BEGIN Data block
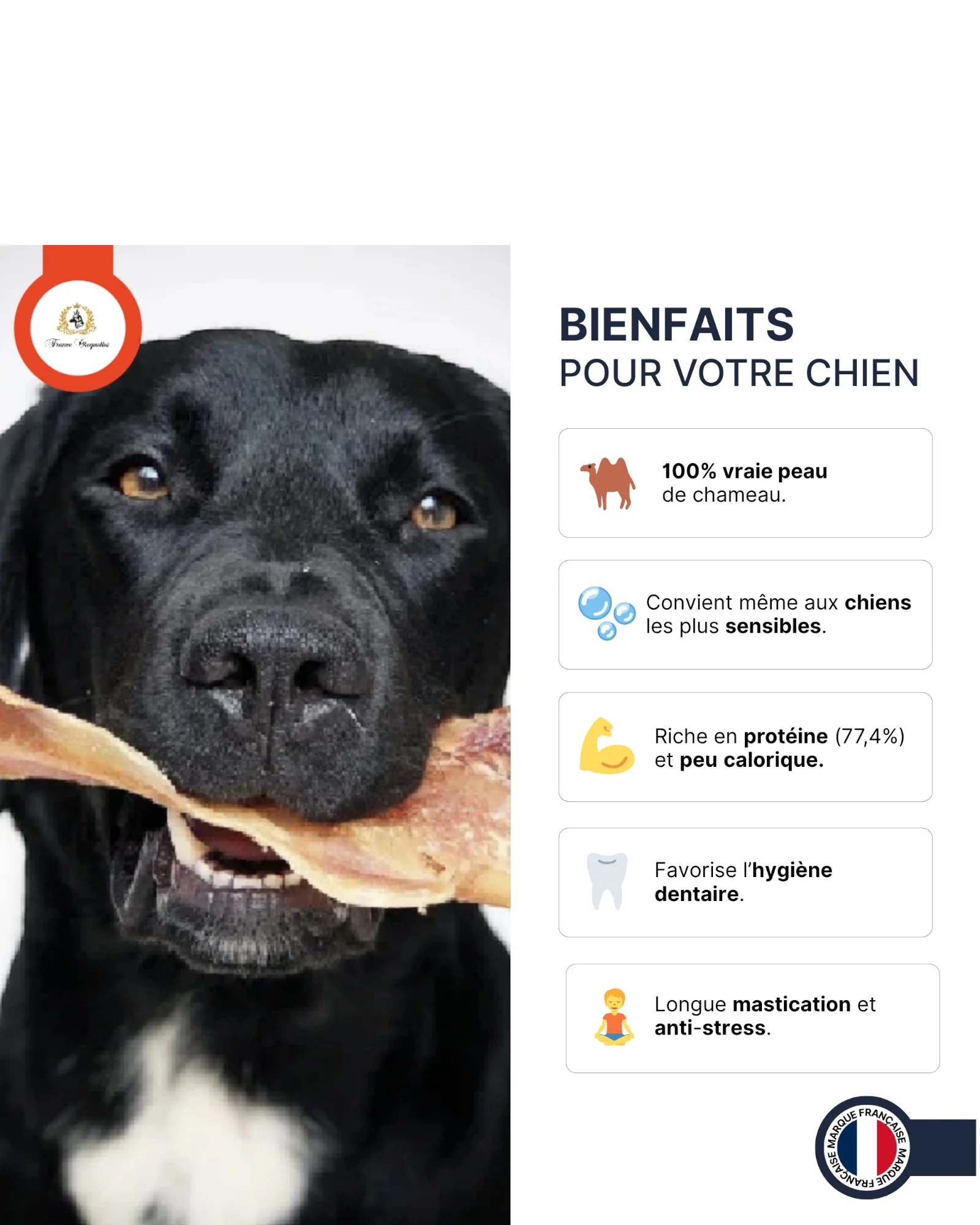 Riche en Nutriments : La peau de chameau est une source naturelle de protéines (77,4%) et de minéraux essentiels, contribuant ainsi à la santé globale de votre chien.
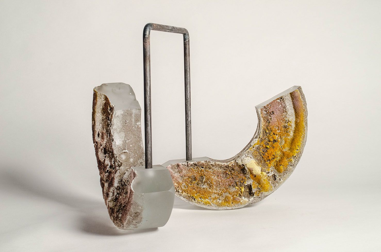 “My work is focused on the interaction of the mind and body. I seek to create sculpture that visualises the experience of living in the world, at once the most personal and universal of experiences. My work examines these ideas with a variety of techniques, using glass as my medium to help me tell this narrative through texture and symbolism. I highlight the ability of glass to appear as rock, ceramic, or stone, to reference the body. Being materials of the earth they are a grounding force, opposed by the areas of pure polish and translucency which represent the ethereal spirit of the mind. I interplay these features in my work to begin a conversation about identity, body dysphoria, injury, and experience.
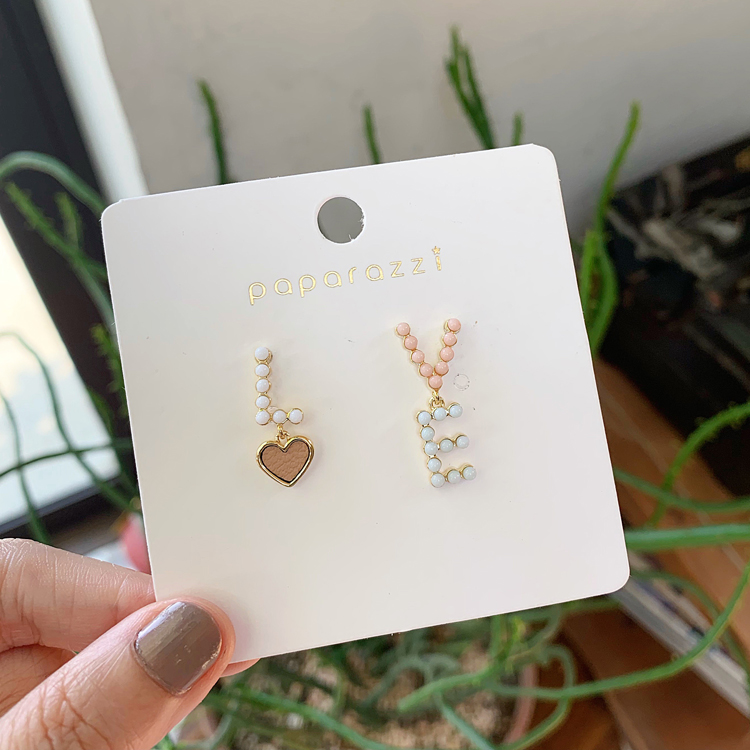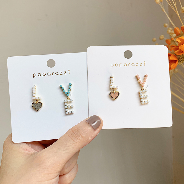 韓國 小愛心字母不對稱925銀針耳環耳飾個性女耳釘網紅同款氣質1入
END Data block
* What the exercise asks
With the images excluded, reproduce the data above precisely as written.

* Answer to the exercise
 Riche en Nutriments : La peau de chameau est une source naturelle de protéines (77,4%) et de minéraux essentiels, contribuant ainsi à la santé globale de votre chien.
 “My work is focused on the interaction of the mind and body. I seek to create sculpture that visualises the experience of living in the world, at once the most personal and universal of experiences. My work examines these ideas with a variety of techniques, using glass as my medium to help me tell this narrative through texture and symbolism. I highlight the ability of glass to appear as rock, ceramic, or stone, to reference the body. Being materials of the earth they are a grounding force, opposed by the areas of pure polish and translucency which represent the ethereal spirit of the mind. I interplay these features in my work to begin a conversation about identity, body dysphoria, injury, and experience.
 韓國 小愛心字母不對稱925銀針耳環耳飾個性女耳釘網紅同款氣質1入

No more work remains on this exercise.